Any organization, any human organization, from a family, a village, a nation, develops its own culture over time. From the smallest family business on the corner to global multinational companies. operating in many countries and time zones, over time each corporation develops its own unique identity. Now a lot of organizations try to develop a foundation. that's based on core values.
As you see in this slide, here's a set of core values that came from the annual report of a leading corporation. They're good ideas. They're things like communication, respect, integrity, excellence. Who could argue with those?
Those corporate values are engraved in stone in the corporate headquarters and appear... in their annual report. But it's important for us to remember that those are Enron's corporate values. Just because they stated the corporate values didn't mean they lived them and that had severe consequences for the corporation, for its people, and for its customers. The lesson from that is that not only do we have to aspire to a set of values and principles that are at the core of our organizations.
but we also have to make sure that we walk the talk and put those ideas into action. There are many different definitions of corporate culture, and here's some of our favorite ones to get our discussion started. The first one is that culture is the way we do things around here. That means it's hard to explain to outsiders.
You have to be here for a long time before you know just how things do work around here. and there's this unique characteristic of every organization that's hard to imitate. It develops over time, and you create a unique identity for your corporation.
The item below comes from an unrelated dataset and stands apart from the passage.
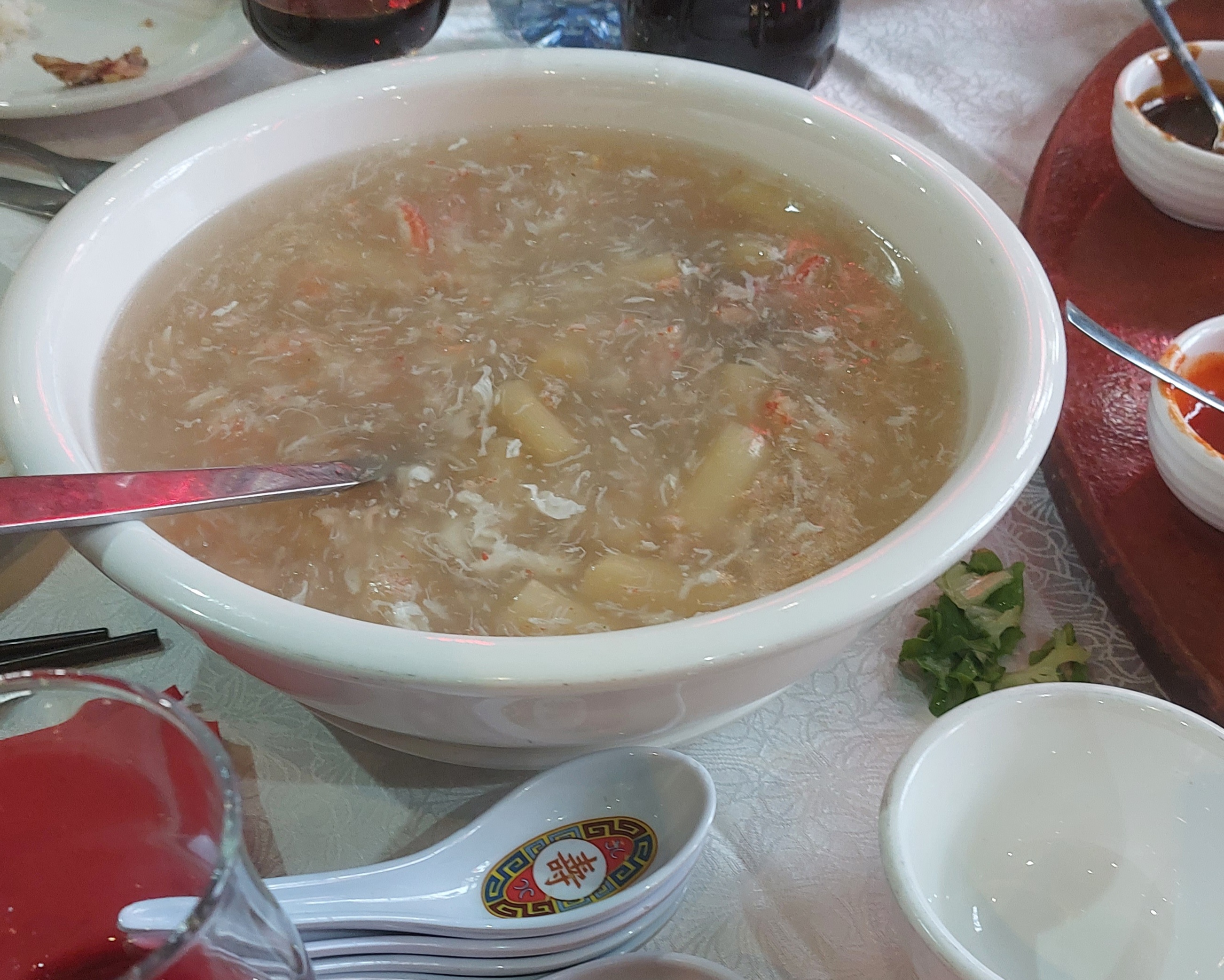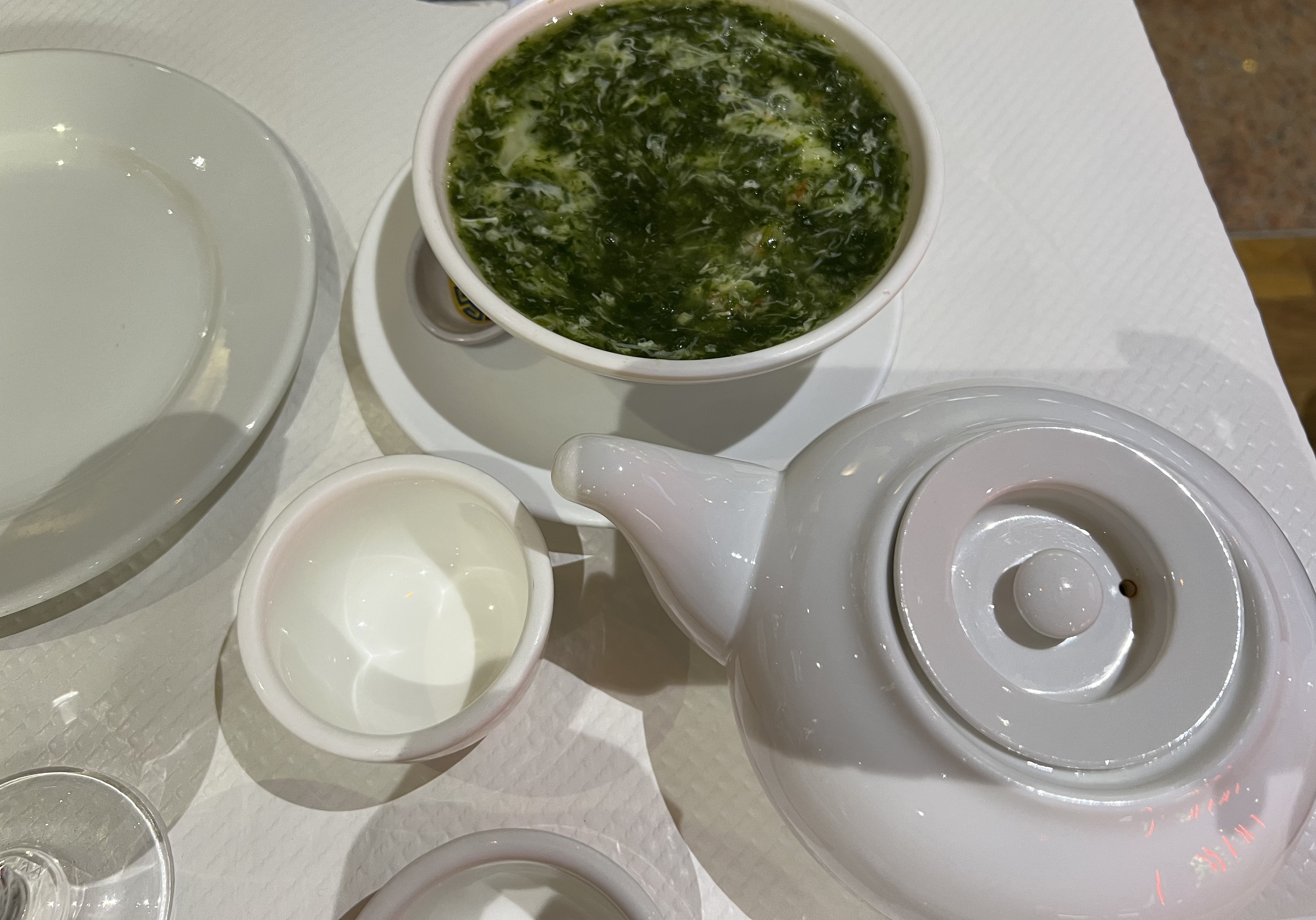 Malgré le cadre de la grande salle, déçus par le canard pékinois gras et pas croustillant, les nouilles avec seulement quelques morceaux de canard (où est passé le reste ?), travers de porc à la vapeur tout gras (à éviter). Bonne crêpe aux crevettes. Au global, très moyen.

Second definition is that culture is the code, the core logic, the software of the mind that organizes the behavior of people. It's about the mindset. Until we have the mindset, we can't take the innovative new action.
structures and plans that we need to put our strategy into action. So first comes the mindset, then comes the behavior and structure. Together with those we create a system that guides our organization.
The third definition here is that culture reflects the lessons that we've learned in the past that the leaders think are important enough to pass on to the next generation. next generation. So the lessons are learned through hard work over time and we make decisions about what do we pass on, what's the wisdom that we pass on for the next generation in our organization.
And the last one, my favorite definition, culture is what we do when we think no one's looking. In our hearts and minds, we have some priorities, we have some principles ourselves, we have some learned resp... responses and good old human nature that determines how people will behave when no one's looking. If you don't create that type of mindset, behavior, and value system in the people in your organization, you're at a distinct competitive disadvantage.
One way to think about the culture of an organization is that it's like the iceberg that's pictured in this slide. Only about 10% of it's above the water that's visible that we can see at the first glance, 90% of the icebergs below the water. We don't see it until it's too late. When you hit the iceberg, the part that sinks the ship is the part below the water that we don't see.
That's what you as a leader need to understand and to manage, that what we see above the water is reflected in the values, beliefs, and assumptions that have built up over time and then that are not visible to us the first time that we look. As the next slide shows, these values and culture are built up over time, and they represent the lessons that we learn that we think are important to pass on to the next generation. It's this interesting mix of both the lessons and the survival process that we're learning as we survive, as a team, as an organization, as a group, and that's what we're doing. we preserve over time and pass on to the next generation. That means that as a leader, we're always trying to understand how the values that we've created in the past, because in some ways culture always has to be looking backwards.
That's where we came from. That's our history. That's where the principles were developed.
But as leaders, we also have to be experts at projecting those values into the future and adapt. and changing so that the values of the past that form our foundation help us to meet the challenges of the future.